Hi guys, do you have any idea on how to use proc transpose to convert data have---> data want?
data have:
Obs Subj X1 X2 X3 X4 X5 Y1 Y2 Y3 Y4 Y5
1 001 8 5 6 5 4 10 20 30 40 50
2 002 7 5 6 4 5 11 33 29 34 56
3 003 2 2 4 5 6 22 38 21 20 34
data want:
Obs Subj Time X Y
1 001 1 8 10
2 001 2 5 20
3 001 3 6 30
4 001 4 5 40
5 001 5 4 50
6 002 1 7 11
7 002 2 5 33
8 002 3 6 29
9 002 4 4 34
10 002 5 5 56
I wrote the following codes:
proc transpose data=learn.wide out=long;
by Subj;
var X1-X5 Y1-Y5;
run;
The problem is that X variables and Y variables are under the same column, looks like below:
Subj _name_ Col1
001 X1 8
001 X2 5
001 X3 6
001 X4 5
001 X5 4
001 Y1 10
001 Y2 20
.....
data have;
input
Subj$ X1 X2 X3 X4 X5 Y1 Y2 Y3 Y4 Y5;
cards;
001 8 5 6 5 4 10 20 30 40 50
002 7 5 6 4 5 11 33 29 34 56
003 2 2 4 5 6 22 38 21 20 34
;
run;
data want;
set have;
array xs(*) x1-x5;
array ys(*) y1-y5;
do i = 1 to dim(xs);
x=xs(i);
y=ys(i);
output;
end;
rename i = time;
keep subj x y i;
run;
Thank you PG.
However I know how to use array to do it, I'm just looking for a way to solve by proc transpose, is it possible?
There are many ways to do this kind of transposition.
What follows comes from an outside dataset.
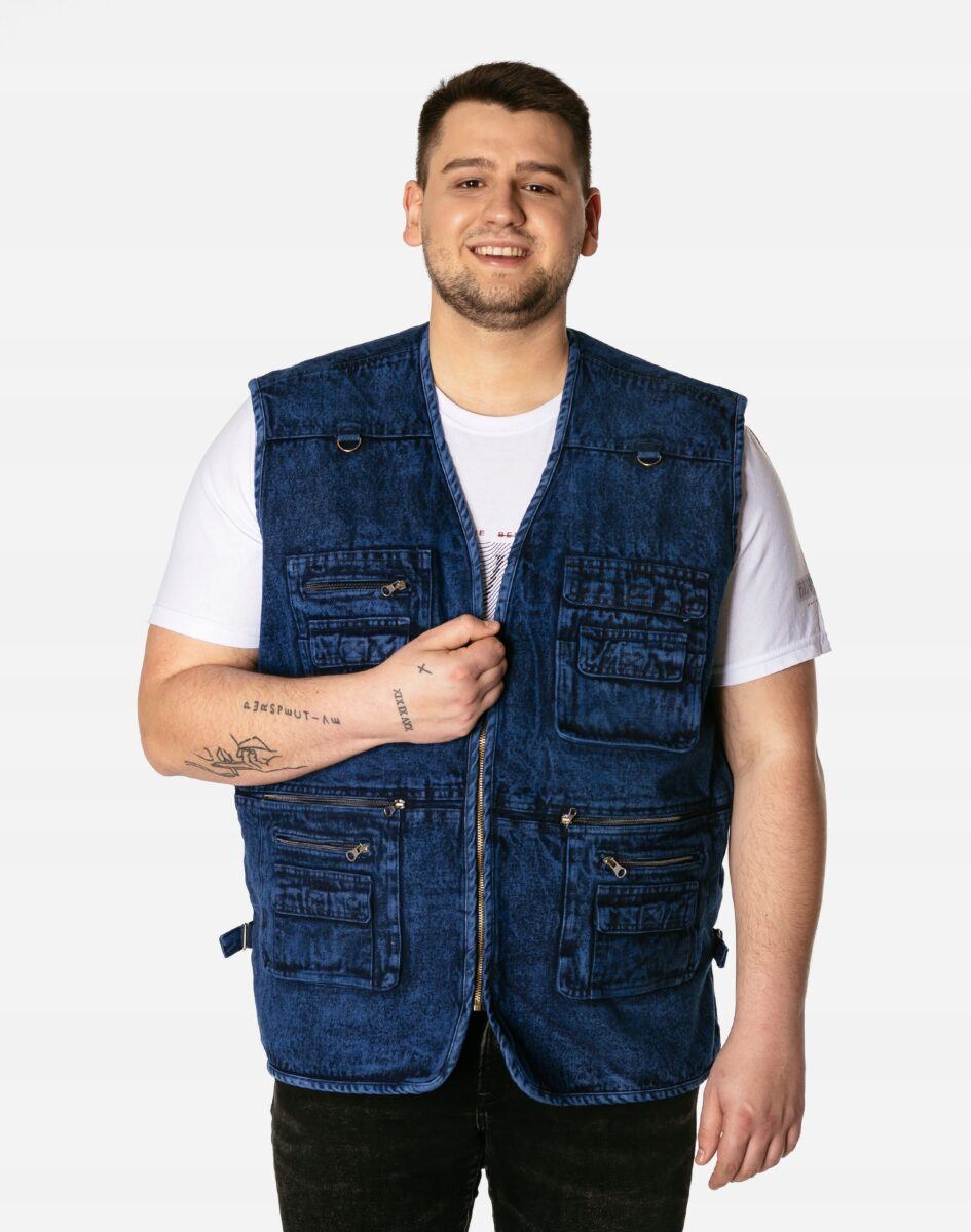 Jeansowa Kamizelka Męska typu Safari z 14 Kieszeniami !!!

Here are two of them using proc transpose:
/* Two transpositions and a merge */
proc transpose data=have out=tempx name=namex prefix=x;
by subj;
var x:;
run;
proc transpose data=have out=tempy name=namey prefix=y;
by subj;
var y:;
run;
data want2;
merge tempx tempy; by subj;
time = input(compress(namex,,"kd"), best.);
drop name:;
rename x1=x y1=y;
run;
/* Variable stacking and block transposition */
proc sql;
create view temp as
select subj, "X" as var, x1, x2, x3, x4, x5 from have
union all
select subj, "Y", y1, y2, y3, y4, y5 from have
union all
select subj, "TIME", 1, 2, 3, 4, 5 from have
order by subj, var;
quit;
proc transpose data=temp out=want3(drop=_name_);
by subj;
var x:;
id var;
run;
PG
Thank you Jagadishkatam .
However I know how to use array to do it, I'm just looking for a way to solve by proc transpose, is it possible?
Arrays are your friends here.
data want;
set have;
array xx{*} x:;
array yy{*} y:;
do time = 1 to dim(xx);
x = xx{time}; y = yy{time};
output;
end;
keep subj time x y;
run;
PG
Either transpose the two groups of variables separately and merge then back together.
Or take you current transpose output and process it to convert the _NAME_ field into a new _NAME_ and TIME fields. Then sort and re-transpose it.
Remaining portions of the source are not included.